Supermarkets are known for always having fresh looking vegetables on their shelves to help them sell. But, you may know that there are certain things even supermarkets do to prevent spoilage within their stores. A trade fact is to never store Banana’s near other fruits because of the chemicals they release that make other fruits turn.
To be fair to supermarkets, it's not always about how good their fruits look though, as can be see with the recent ‘Odd Bunch Campaign’ at Woolies (who are offering disfigured/oddly shaped fruit and veg at a discount). However, whether you've bought pristine looking or somewhat oddly shaped items, there are plenty of things you can do to continue preserving them once they get home. Spoilage equals money wasted, equals bad value for money, equals time wasted trying to find good deals in the store. So let me tell you about various ways that you can add value to your purchase after you get home.
Ethylene Gas Guardian
The first step to preserving your fruit and veg for longer is by getting yourself an E.G.G. (Ethylene Gas Guardian). This product is relatively cheap at around $15 from Raw-Pleasure for example. The product absorbs ethylene, which is a chemical that most fruit and veg emit. Ethylene causes fruit ant veg to ripen and spoil faster. Whack the E.G.G. into your produce drawer and slow the process down for good.
Grocery Life Span
Spending half and hour educating yourself on how long fruit and vegetables last once you get them home can prevent you buying the wrong amounts of produce. Check out this great list, which represents how long different meats, fruits and veg last when refrigerated and frozen.
Fruit and Veg are delicate forms of food and when exposed to oxygen they will spoil much faster. If you’re planning a big BBQ or large meal for friends and family on Australia Day for example it’s a good rule of thumb to chop fresh produce as late as possible. As soon as you chop or break up fruit and veg you damage its cell composition, which triggers the growth of microorganisms. Chopping mushrooms for a salad for example 30 min’s before you serve will make them turn brown and look aesthetically unpleasing.
I personally whack the bread straight into the freezer when I get it home because it takes no time at all to defrost. A good habit to get into is splitting the loaf, half into the fridge and half into the freezer if you don’t plan on using the entire loaf within the first week of buying. The biggest mistake you can make is leaving the bread out in room temperature, as especially in this heat mould will start growing.

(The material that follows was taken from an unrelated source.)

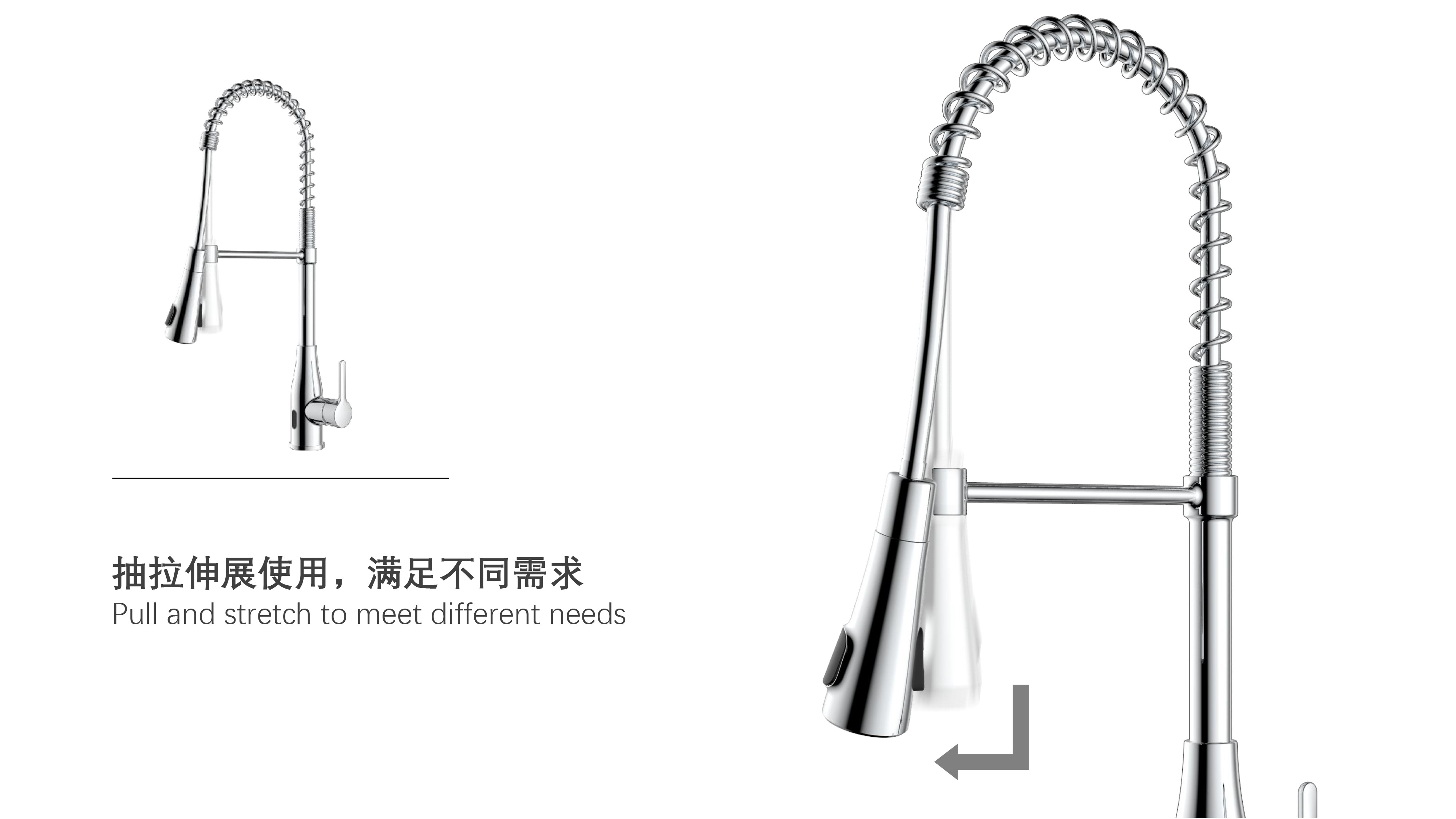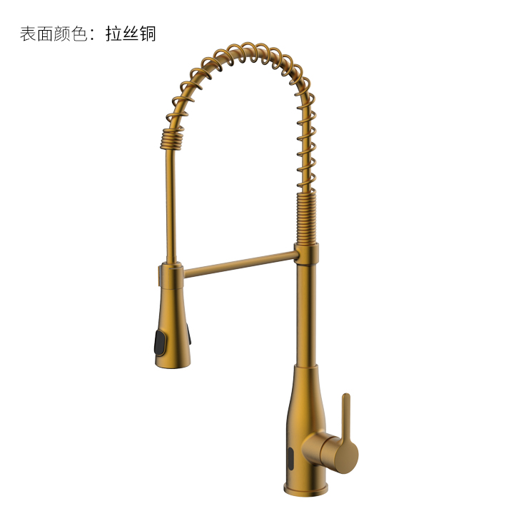 雙控廚房龍頭 ;感應(yīng)免接觸啟閉,有效感應(yīng)距離20cm;智能芯片恒溫技術(shù)雙控盒;智能芯片溫度數(shù)顯抽拉頭-冷水TEMP顯示藍(lán)色、溫水TEMP顯示綠色、熱水TEMP顯示紅色;兩種出水抽拉頭可多角度使用

It’s a fact organic food spoils much quicker due to the lack of preservatives used in its harvest. Try planning your shop in line with your meals to ensure you have fresh products for each meal. In the Australian heat even the freshest products can turn within a matter of hours given the right environment. One quick tip even just for the summer could be to buy non-organic products to replace the organic produce that you find yourself continuously throwing away.
Investing in a herb savour can help you preserve your herbs and spices for a much longer period. It accomplishes this by firstly containing the herbs in a sealed space and also keeping the roots partly submerged in water. Pick one up at Kitchenwaredirect for roughly $35.

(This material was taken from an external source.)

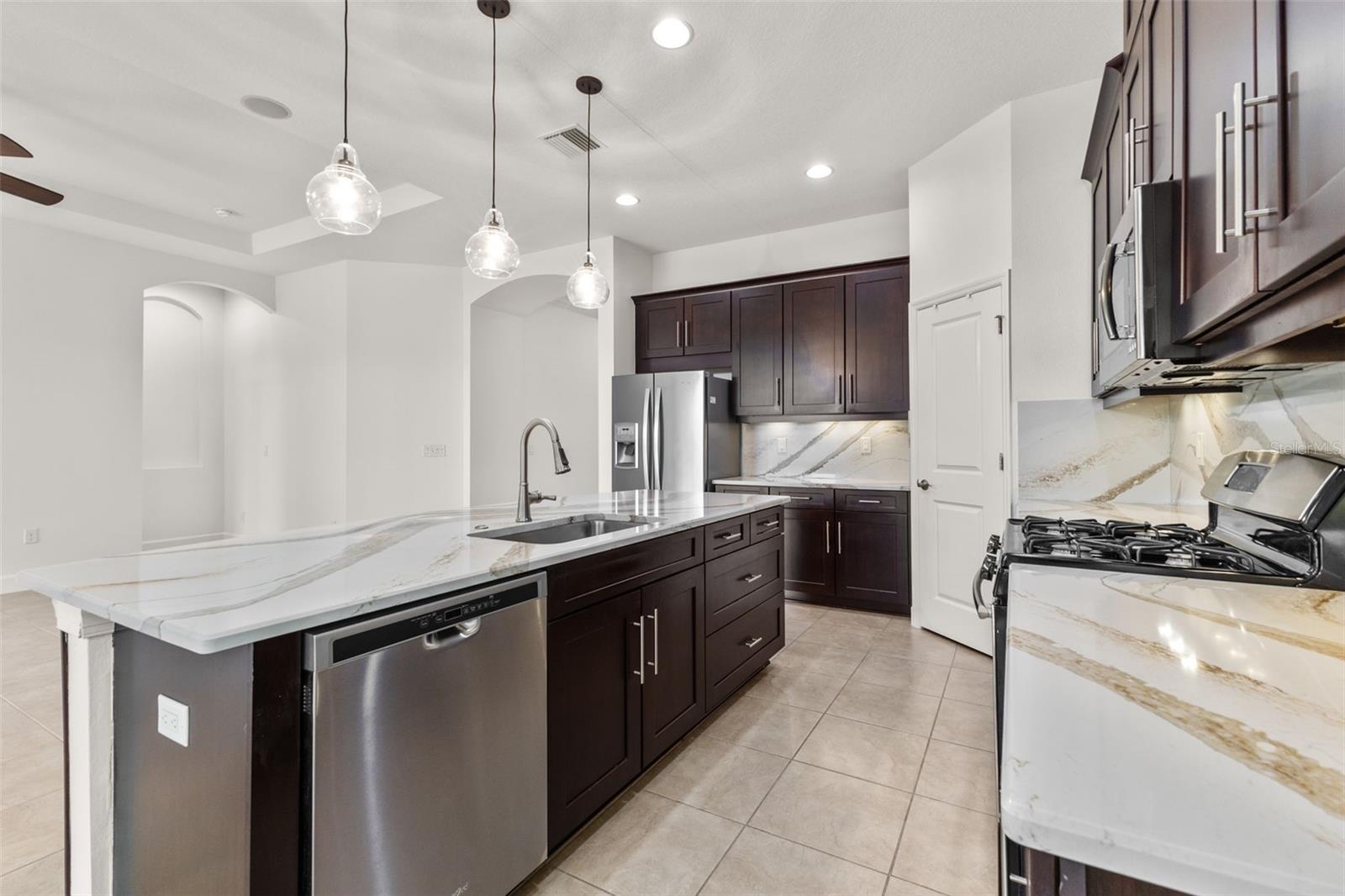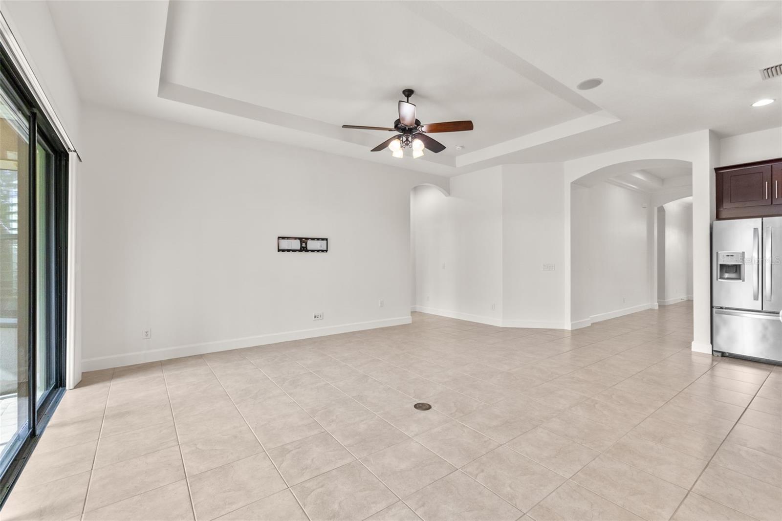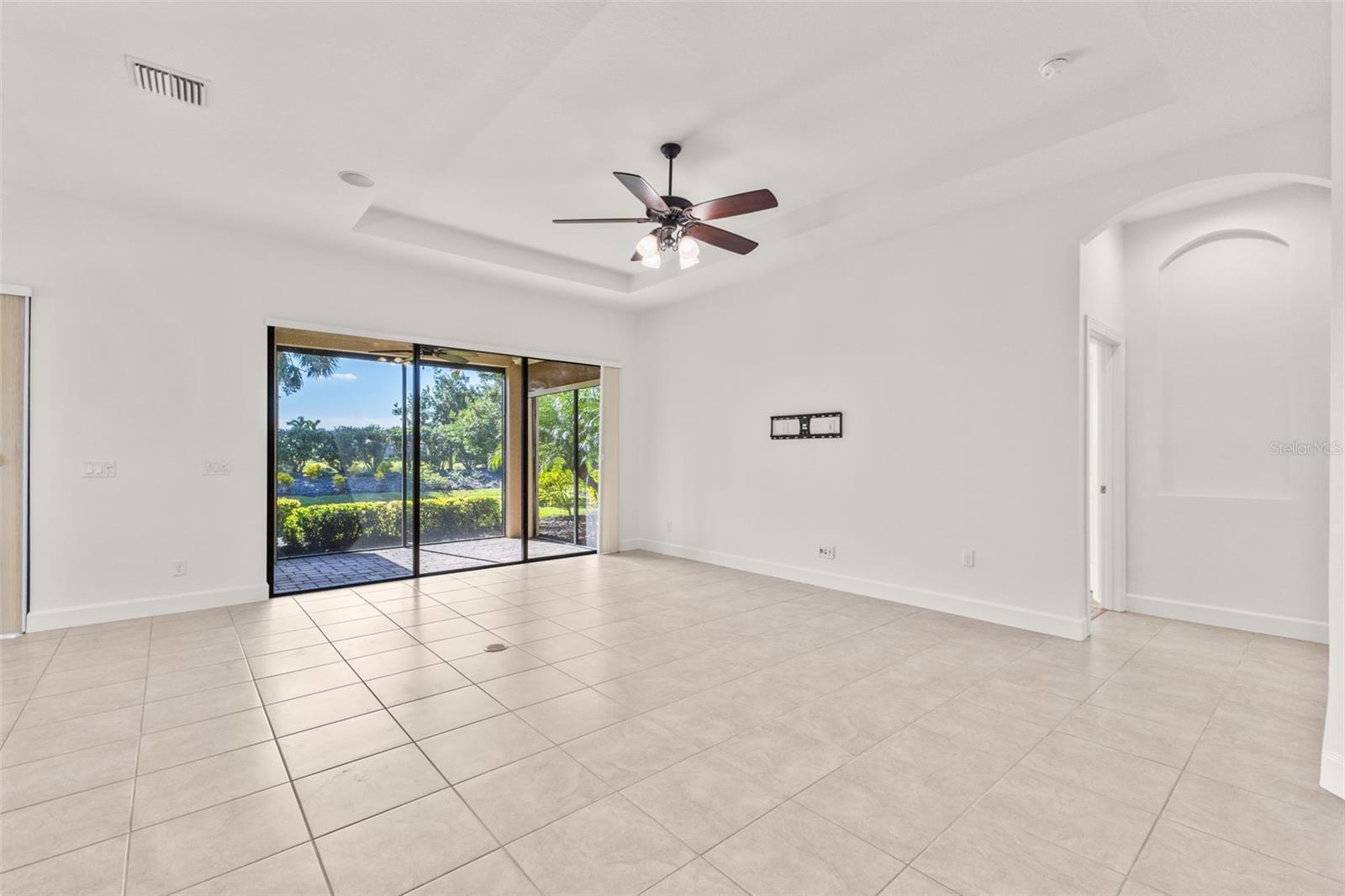 Welcome to 5242 Napoli Run, an exceptional residence located in the highly desirable Esplanade Golf & Country Club in Lakewood Ranch. This beautifully upgraded 2-bedroom plus den/office, 2.5-bath home offers 2, 053 sq. ft. of elegant living space and includes a golf-deeded homesite, providing golf membership for two—all included in the HOA fees. Step inside to discover a thoughtfully designed floor plan enhanced by premium upgrades throughout, including stylish flooring, upgraded bathrooms, and custom closets that elevate both comfort and functionality. The spacious gourmet kitchen and open-concept living areas make this home ideal for entertaining or enjoying quiet evenings in. One of the standout features of this property is its expansive screened-in back porch, complete with a built-in outdoor gas fireplace—perfect for year-round relaxation. The backyard offers exceptional privacy with lush landscaping and a tranquil pond view just beyond, creating a serene outdoor retreat. Esplanade is renowned for its amenity-rich lifestyle, featuring a resort-style community pool, tennis courts, pickleball courts, a state-of-the-art fitness center, on-site restaurant, Tiki bar, and beautifully maintained walking paths. With its vibrant community atmosphere and unparalleled amenities, Esplanade remains one of Lakewood Ranch’s most sought-after neighborhoods. Updates completed recently in this home include: New quartz countertops, new showers, LVP flooring in bedrooms and office, custom closets, new light in kitchen/foyer, plantation shutters, new hot water heater (2025) and hurricane screens on all Lanai/porch openings. **Some photos have been virtually staged.

Utilising Soon to Expire Produce
A great way to save money and not throw away good food is to use them before they turn beyond the point of no return. Using really ripe or bruised apples within an apple pie or crumble is a great option. Whacking a bunch of limp veg into a stir-fry is also a great way to use them up. If you’re stuck for ideas, don’t be shy the Internet won’t bite.
Get into the habit of storing any left over food or un-used chopped produce in Tupperware containers. These handy little plastic tubs prevent air from getting in and out, which helps preserve the food for a much longer period.
Seal Packaged Foods
Foodstuffs that come within a packet such as crisps are much easier to store within their original packaging, so sometimes Tupperware isn’t practical. To preserve these foods once opened is simple, roll the end and stick a clothesline clip on the end to keep it sealed. This ensures those crisps will have the same crunch when you come back to them tomorrow or even next week.
Pre-Cut Fruit and Veg
Time is precious, so sometimes that chopped bag of salad or fruits is quicker and easier. However, if you don’t plan on using all of it within a week generally speaking, they spoil much faster than whole produce regardless of how many Tupperware containers you put them in. To save more money and keep produce for longer, try to avoid these pre-cut products.
If you notice one piece of fruit turning, quickly remove it from the bunch because it will cause the others to turn faster also. Mould spreads quickly so act fast to save money and preserve your produce.
A final word of advice during the Australian summer is to try organising your fridge according to the products you buy. This can really help you keep track of expiry dates. Storing fresh produce within sight is a great way to keep it at the front of your mind, whereas storing processed foods at the back, out of sight that are less likely to have upcoming expiry dates will help save money and prevent overall fruit and veg wastage.